513 (Fall 2015)

PHYS 513:  Electrodynamics  (Fall quarter, 2015)

Tu Th 11:00-12:20 PAA A114

Instructor:   Silas Beane            B457   OH:  Th 5pm

TAs:        Jesse Stryker   (HWs 2,4,6,8,9)     OH:  Wednesday 5:30-6:30 in B466 

               Zaiyao Fei      (HWs 1,3)       OH: Tuesday 5:00-6:00 in PAB 308

               Ding Zhong   (HWs 5,7)     OH: Thursday 2:00-3:00 in basement Room B013     

Subject matter and textbook

This is the first quarter of a year-long sequence in graduate-level electrodynamics. The text for the course is 

Classical Electrodynamics by Jackson.  An educated person should have pretty good familiarity with Chapters 1-16 

of Jackson. In this first quarter we will cover approximately Chapters 1-5. There will be several mathematical interludes

throughout the quarter, however these will always occur in the context of specific issues in electrodynamics.

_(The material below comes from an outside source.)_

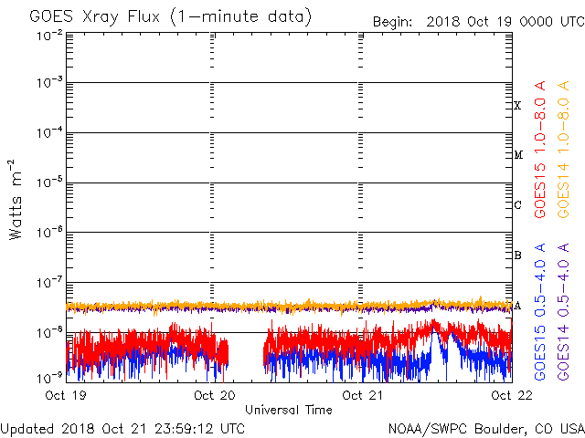 De operationele data in de bovenstaande grafiek werd aangepast om de schaalfactor te verwijderen die werd toegepast door het Space Weather Prediction Center (SWPC). Vanwege de SWPC-schaalfactor in de operationele data werden de zonnevlammen 42% kleiner gerapporteerd dan deze in de wetenschappelijke data. De schaalfactor werd ook verwijderd uit de lijst met zonnevlammen om de werkelijke fysieke eenheden weer te geven.
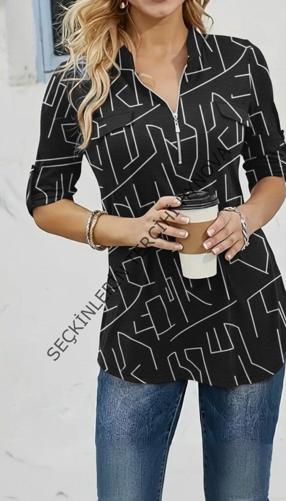 Kadın Uzun Kollu Hakim Yaka Yakadan Fermuarlı Geometrik Desenli Süprem Bluz

A secondary 

reference text for E&M is Modern Electrodynamics by Zangwill, and a useful text for mathematical issues is Mathematics 

for Physicists by Dennery and Krzywicki.

Jackson for Life

Communication

I strongly encourage students to communicate with me by email for administrative issues. I'll regularly communicate with the class by email. 

But, please, no physics questions via email! Unless they are of the yes-no variety they will likely go unanswered. If necessary you may attempt 

to visit me outside of office hours but please do not be offended if I'm unable to speak with you immediately.

Reading assignments

There will be weekly reading assignments posted on the calendar below. I will usually not remind you about this; it will be your responsibility

to keep track of the calendar and to do the readings ahead of lecture. Failure to do the readings may result in you being unable to follow what

we do in the class period.

Homework, exams and grades

The grades for this course will be based on homework (20%), a midterm exam (40%) and a final exam (40%). The final exam will be comprehensive. 

There will be weekly problem sets due in my office on Friday before 5pm. In grading there will be a strong emphasis on neatness and logic of presentation. The 

homeworks will be long and difficult. If you start working on an assignment the day before it’s due, you will not finish it in time. Late homework will not be accepted 

unless there is a compelling rationale. I believe that most of what you’ll get out of this class will be from the homework. I encourage you to work on the homework in 

groups. However, the work that you hand in must be your own, and you must list your collaborators on your manuscript as well as any references you have used (e.g. 

if you find a solution to a problem on the web, you must cite the url). I take this very seriously; a failure to acknowledge sources may result in a loss of all credit for the 

assignment, or worse. Exams will be in class, closed-book.